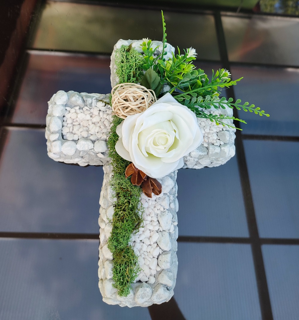 Úvod » HALLOWEEN, DUŠIČKY » Aranžmány a vence na hroby » Urnový aranžmán kríž
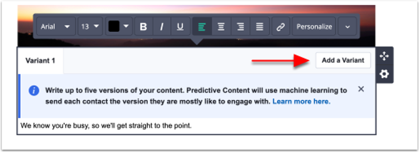 A ActiveCampaign usa aprendizado de máquina para personalizar o conteúdo do email automaticamente com base no comportamento anterior de cada contato. Assim, os contatos recebem o conteúdo mais relevante para eles, aumentando a eficácia sem exigir trabalho manual adicional.
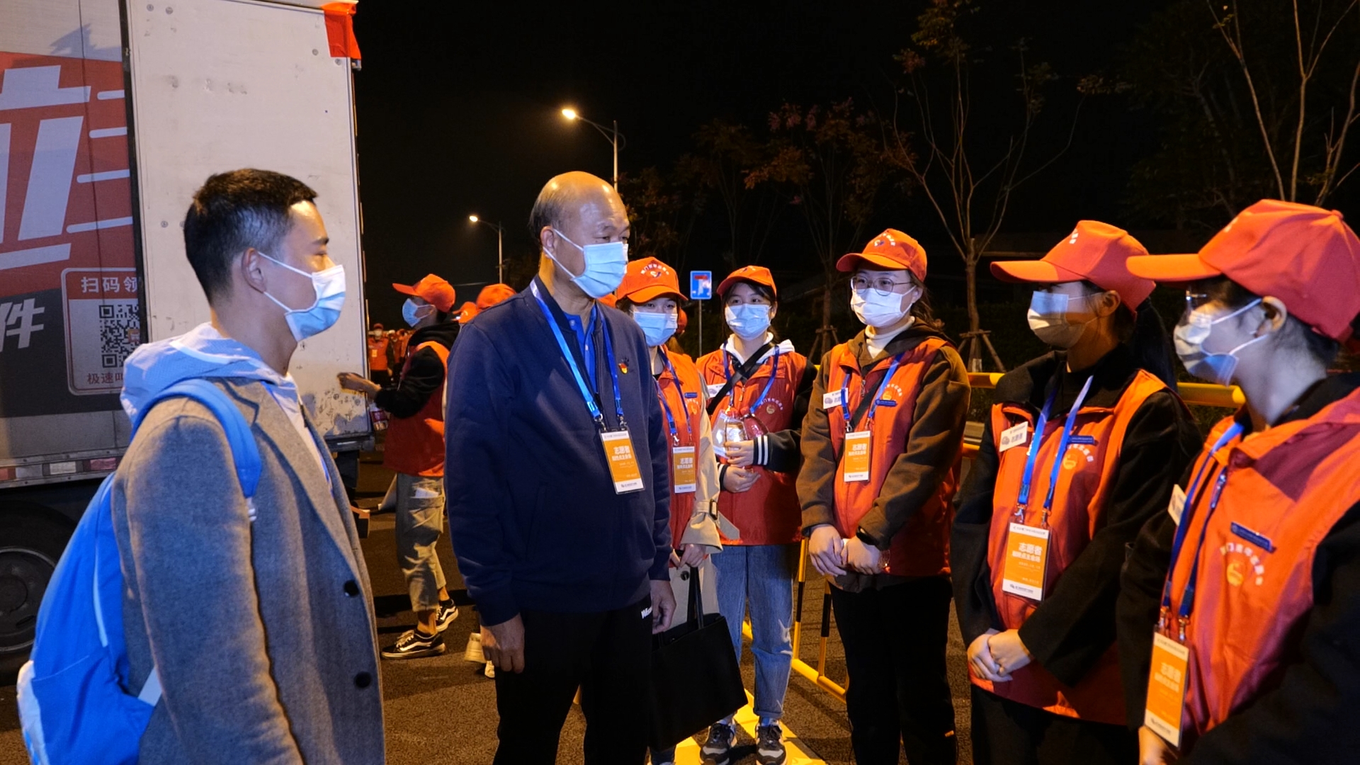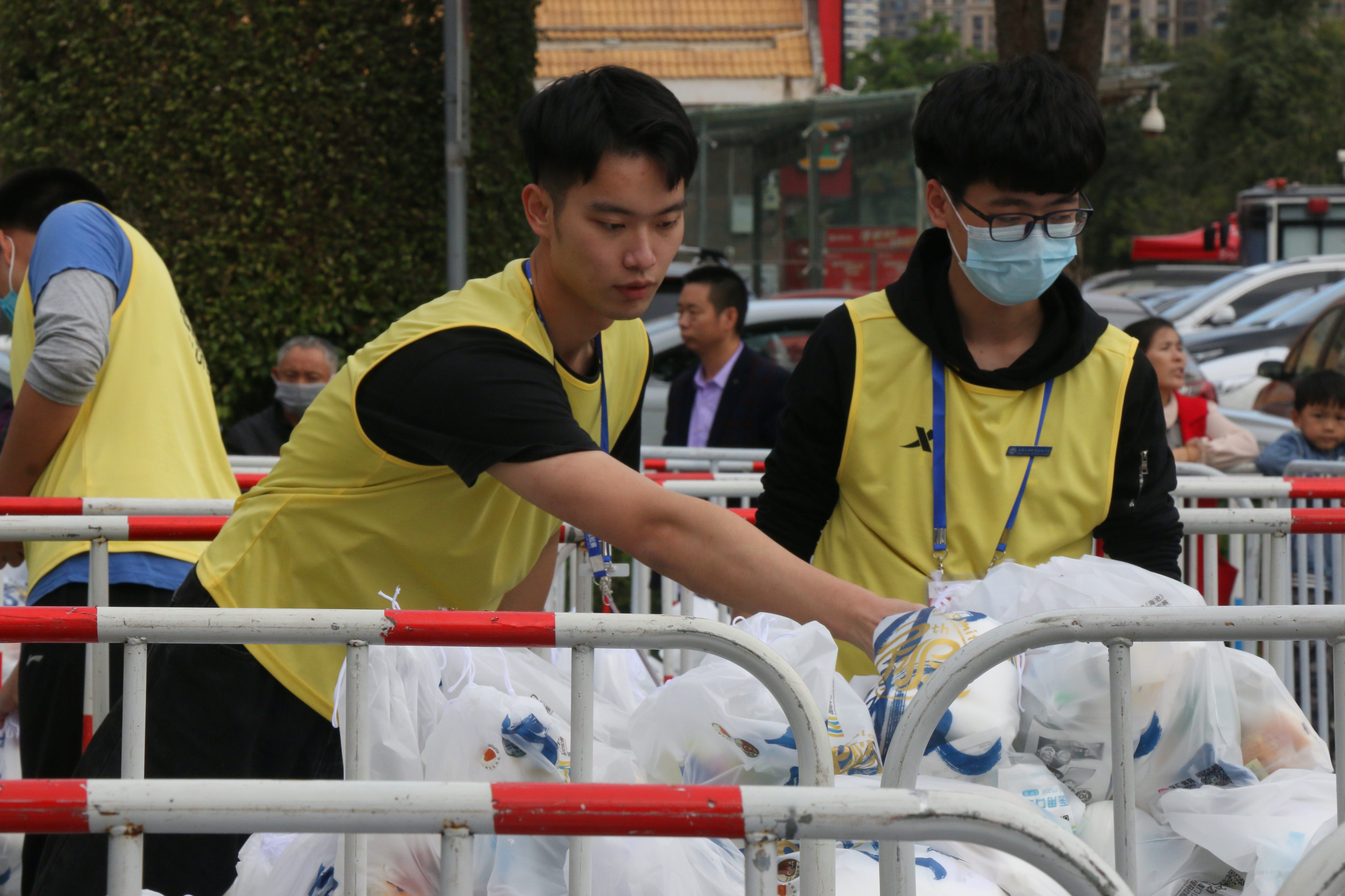 凌晨3:00,伴着黑黢的天空,志愿者们乘上公交车整装待发,前往半程马拉松的现场。抵达赛事现场,志愿者们立即着手物资发放、衣物寄存等前期准备工作,以积极主动的服务为本次赛事保驾护航。

+ + + + + + +

WHAT TO PRODUCE:
Give the listing again word for word, without its images.

FINISHED TASK:
 Úvod » HALLOWEEN, DUŠIČKY » Aranžmány a vence na hroby » Urnový aranžmán kríž
 A ActiveCampaign usa aprendizado de máquina para personalizar o conteúdo do email automaticamente com base no comportamento anterior de cada contato. Assim, os contatos recebem o conteúdo mais relevante para eles, aumentando a eficácia sem exigir trabalho manual adicional.
 凌晨3:00,伴着黑黢的天空,志愿者们乘上公交车整装待发,前往半程马拉松的现场。抵达赛事现场,志愿者们立即着手物资发放、衣物寄存等前期准备工作,以积极主动的服务为本次赛事保驾护航。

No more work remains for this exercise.